I ate lunch with Lee, when our schedules converged, in the cafeteria. Our conversations always followed the same pattern: Lee would ask a provocative question ("Did Oswald really shoot Kennedy? Do you believe in extraterrestrial life?"), I would answer as sincerely as I could, and he would launch into a long, unrelated sermon on pop-culture minutiae. Once, he recounted the complete history of the Ramones. Another day it was the social subtext of Ed Wood's films. His lectures were all delivered in the same ponderous monotone.
Reading Portland author and anarchist Douglas Lain's new collection of speculative short fiction, Last Week's Apocalypse (Night Shade, 256 pages, $14.95), is like eating a nine-course meal with Lee. Despite your best intentions, you nod off before the soup arrives, and the food turns bitter on your tongue.
Each of these 14 stories has an interesting premise: a holographic Jesus in a briefcase, a composer inspired by a giant bee, a world stuck in 1984. Sounds decently weird, right?
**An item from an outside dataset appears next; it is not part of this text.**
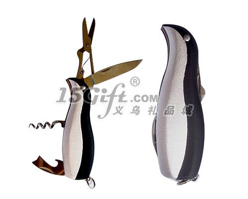 功能;剪刀,小刀,開罐器,紅酒開瓶器不銹鋼企鵝小刀,外觀精美,小巧精致,方便實用,是居家,旅行,促銷禮品的最佳選擇。

But then, a few paragraphs in, each story dissolves into a frivolous and tiresome pastiche of pop-culture references: One character can't decide whether he "feel[s] more like Dustin Hoffman in The Graduate or Ric Ocasek in the Cars' video for the song 'Magic.'" Another goes on for pages about Mister Rogers. It's exhausting and distracts the reader from whatever redeeming point the story might have.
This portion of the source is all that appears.